DATA SUPPLIED =

┄┄┄┄┄┄┄┄┄┄┄┄┄┄┄┄┄┄┄┄

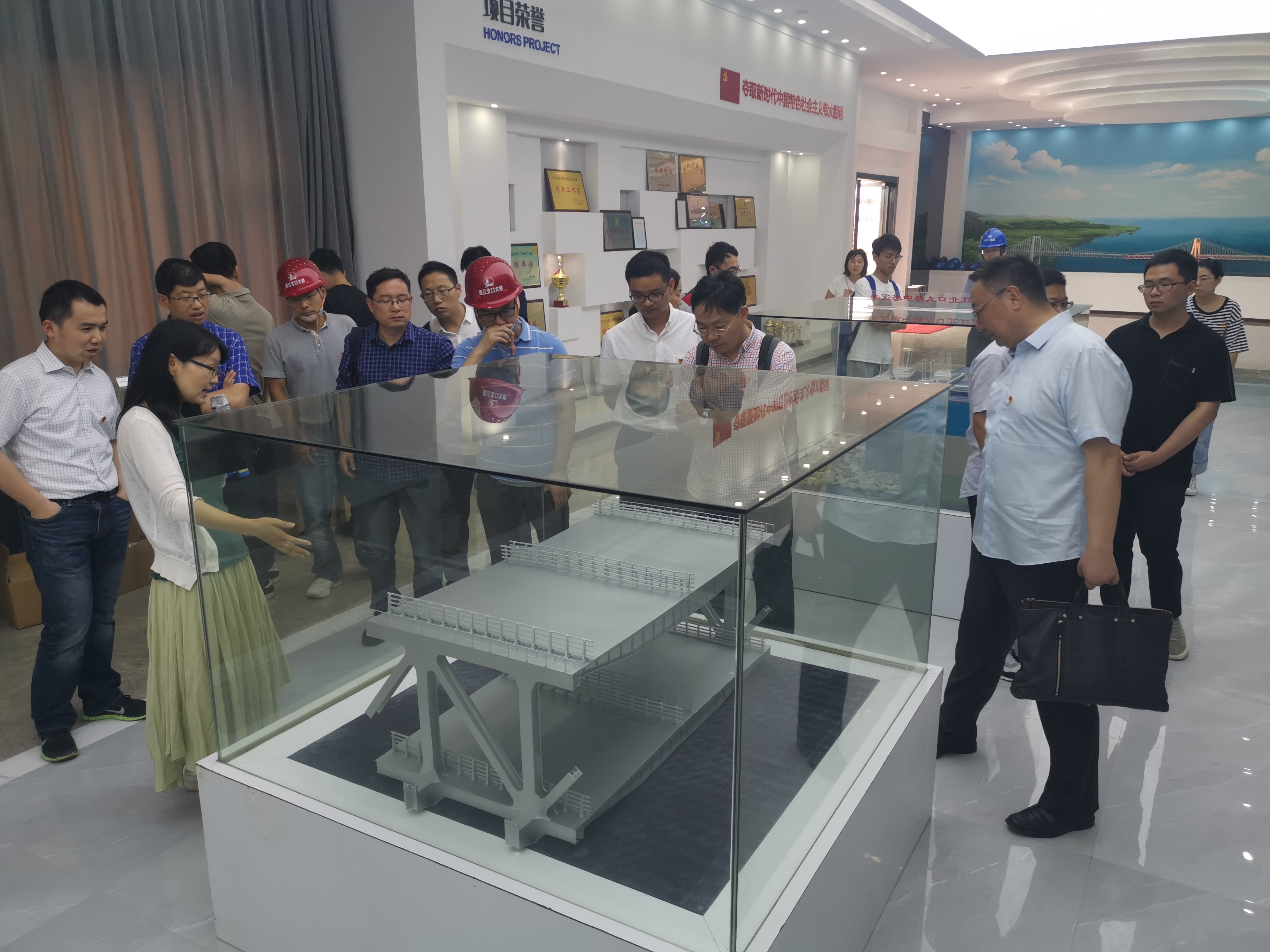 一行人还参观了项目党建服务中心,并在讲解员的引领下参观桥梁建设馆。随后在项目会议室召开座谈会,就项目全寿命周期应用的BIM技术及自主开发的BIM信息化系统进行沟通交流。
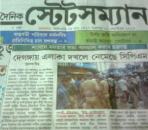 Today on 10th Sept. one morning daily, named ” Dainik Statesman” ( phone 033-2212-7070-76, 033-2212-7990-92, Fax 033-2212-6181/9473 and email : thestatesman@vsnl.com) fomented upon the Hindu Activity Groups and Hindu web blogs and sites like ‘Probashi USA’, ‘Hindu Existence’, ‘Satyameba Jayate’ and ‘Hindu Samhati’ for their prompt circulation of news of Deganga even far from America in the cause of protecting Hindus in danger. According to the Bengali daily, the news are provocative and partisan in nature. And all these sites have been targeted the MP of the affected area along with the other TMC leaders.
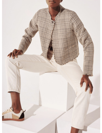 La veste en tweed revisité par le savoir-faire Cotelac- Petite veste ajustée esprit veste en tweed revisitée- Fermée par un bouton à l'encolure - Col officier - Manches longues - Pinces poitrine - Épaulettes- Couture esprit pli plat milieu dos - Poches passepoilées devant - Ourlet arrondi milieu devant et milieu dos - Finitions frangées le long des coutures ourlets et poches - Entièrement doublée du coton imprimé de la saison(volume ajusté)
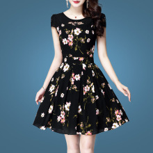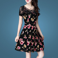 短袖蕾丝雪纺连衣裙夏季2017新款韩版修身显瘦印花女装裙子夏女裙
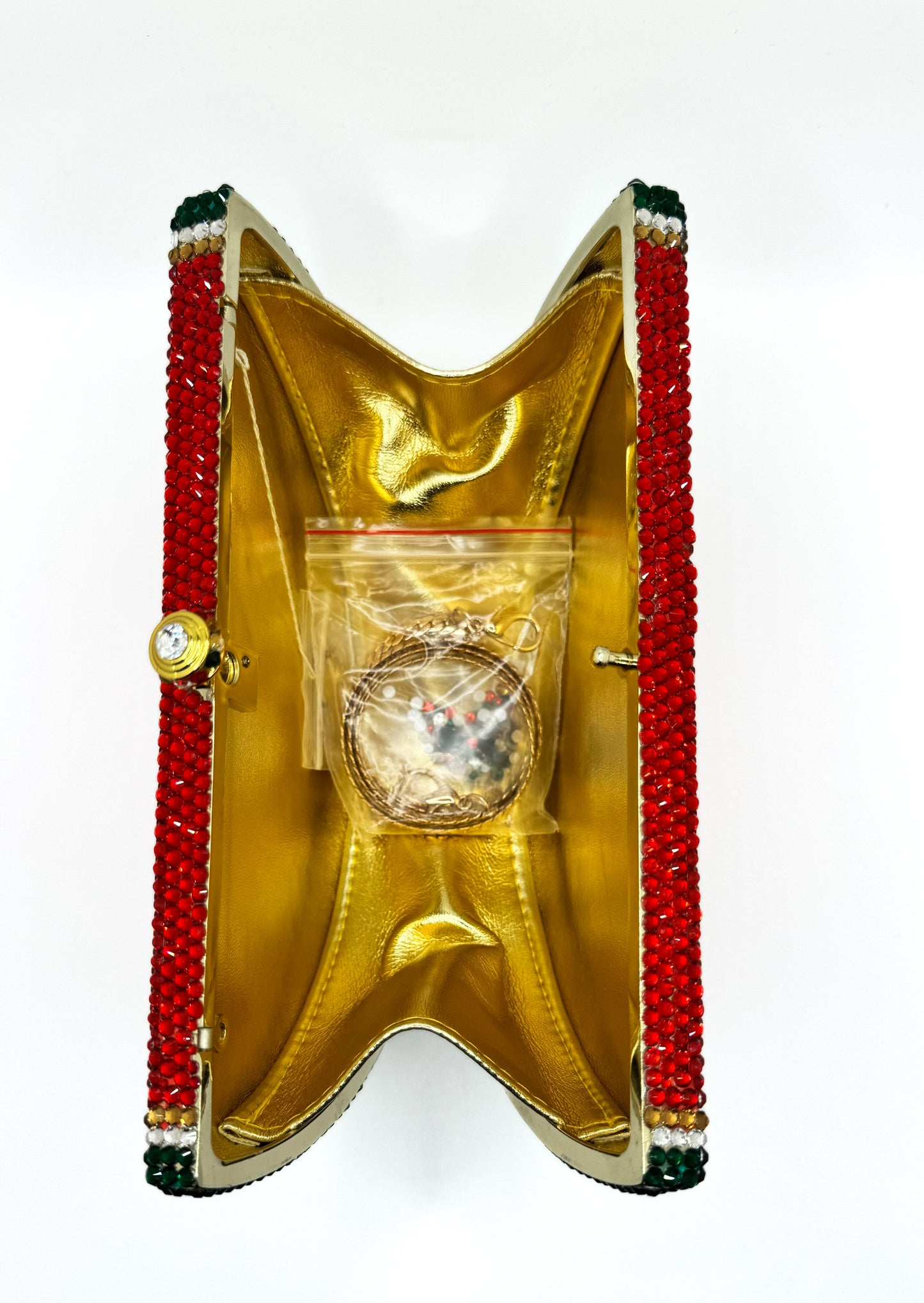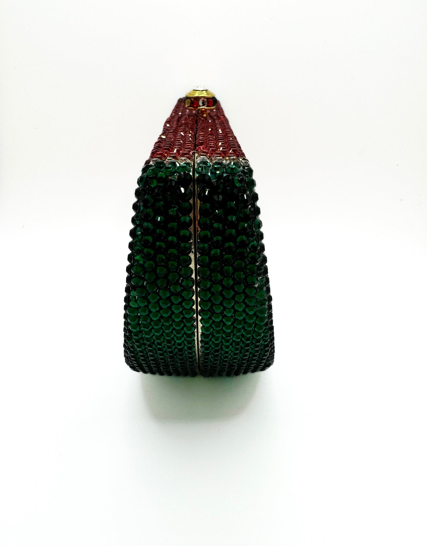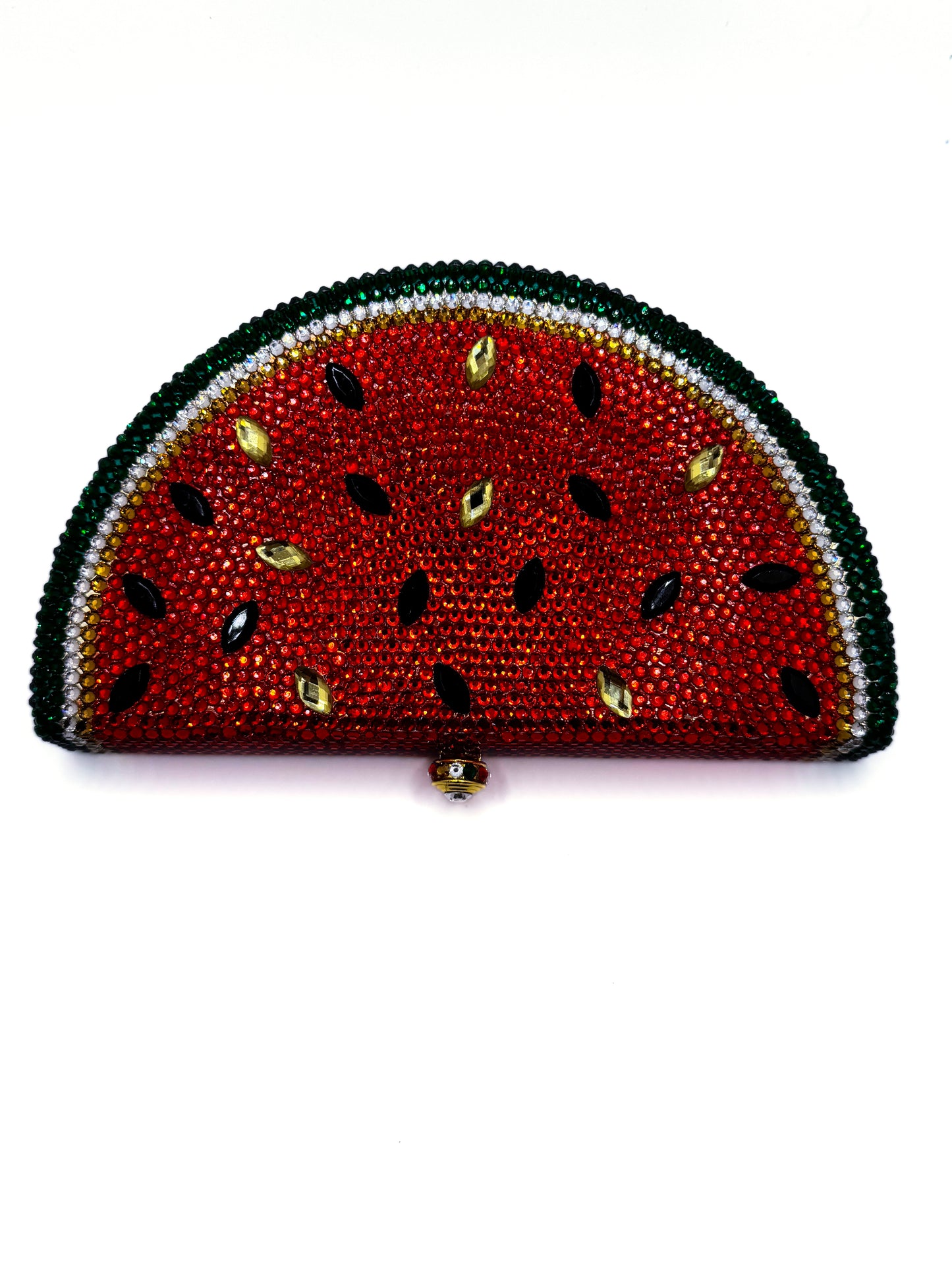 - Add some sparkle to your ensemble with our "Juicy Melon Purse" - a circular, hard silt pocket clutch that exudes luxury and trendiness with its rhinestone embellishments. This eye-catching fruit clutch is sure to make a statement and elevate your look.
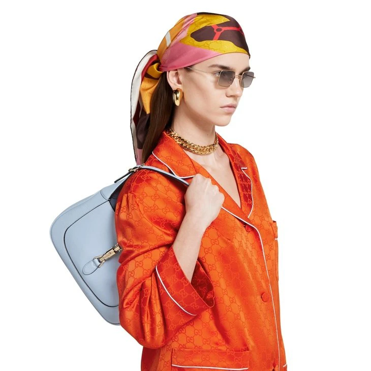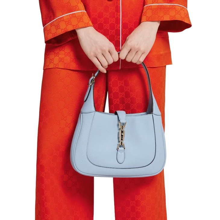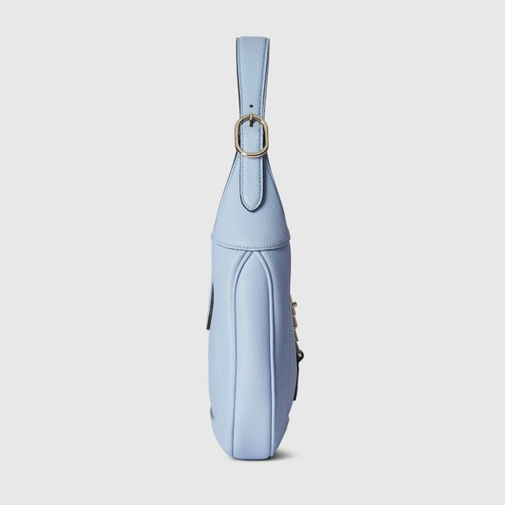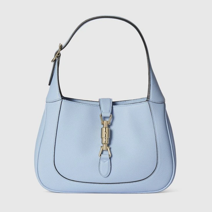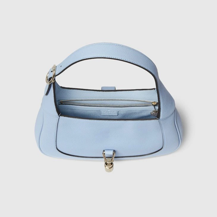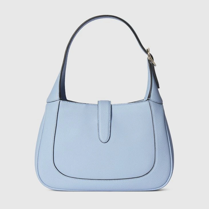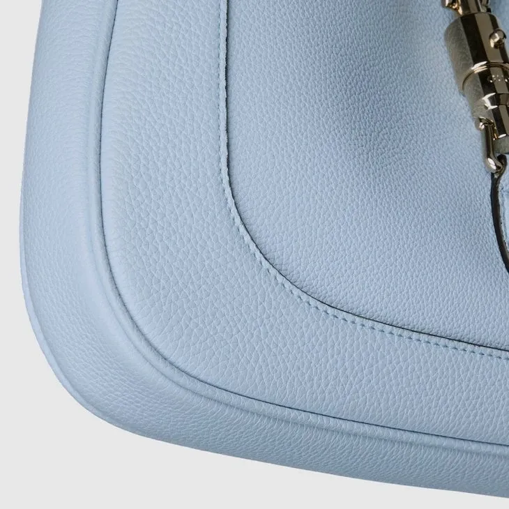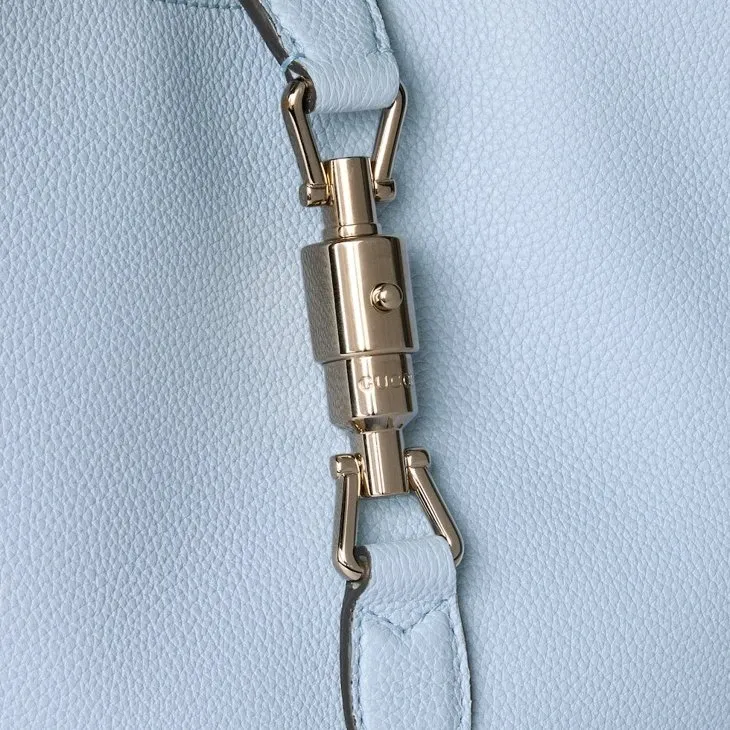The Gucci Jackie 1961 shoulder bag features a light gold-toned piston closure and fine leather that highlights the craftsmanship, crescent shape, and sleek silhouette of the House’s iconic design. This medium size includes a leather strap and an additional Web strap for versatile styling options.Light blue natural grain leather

┄┄┄┄┄┄┄┄┄┄┄┄┄┄┄┄┄┄┄┄

TASK BRIEF = In the copy, include each entry exactly as written and none of the pictures.

RESULT =
 一行人还参观了项目党建服务中心,并在讲解员的引领下参观桥梁建设馆。随后在项目会议室召开座谈会,就项目全寿命周期应用的BIM技术及自主开发的BIM信息化系统进行沟通交流。
 Today on 10th Sept. one morning daily, named ” Dainik Statesman” ( phone 033-2212-7070-76, 033-2212-7990-92, Fax 033-2212-6181/9473 and email : thestatesman@vsnl.com) fomented upon the Hindu Activity Groups and Hindu web blogs and sites like ‘Probashi USA’, ‘Hindu Existence’, ‘Satyameba Jayate’ and ‘Hindu Samhati’ for their prompt circulation of news of Deganga even far from America in the cause of protecting Hindus in danger. According to the Bengali daily, the news are provocative and partisan in nature. And all these sites have been targeted the MP of the affected area along with the other TMC leaders.
 La veste en tweed revisité par le savoir-faire Cotelac- Petite veste ajustée esprit veste en tweed revisitée- Fermée par un bouton à l'encolure - Col officier - Manches longues - Pinces poitrine - Épaulettes- Couture esprit pli plat milieu dos - Poches passepoilées devant - Ourlet arrondi milieu devant et milieu dos - Finitions frangées le long des coutures ourlets et poches - Entièrement doublée du coton imprimé de la saison(volume ajusté)
 短袖蕾丝雪纺连衣裙夏季2017新款韩版修身显瘦印花女装裙子夏女裙
 - Add some sparkle to your ensemble with our "Juicy Melon Purse" - a circular, hard silt pocket clutch that exudes luxury and trendiness with its rhinestone embellishments. This eye-catching fruit clutch is sure to make a statement and elevate your look.
The Gucci Jackie 1961 shoulder bag features a light gold-toned piston closure and fine leather that highlights the craftsmanship, crescent shape, and sleek silhouette of the House’s iconic design. This medium size includes a leather strap and an additional Web strap for versatile styling options.Light blue natural grain leather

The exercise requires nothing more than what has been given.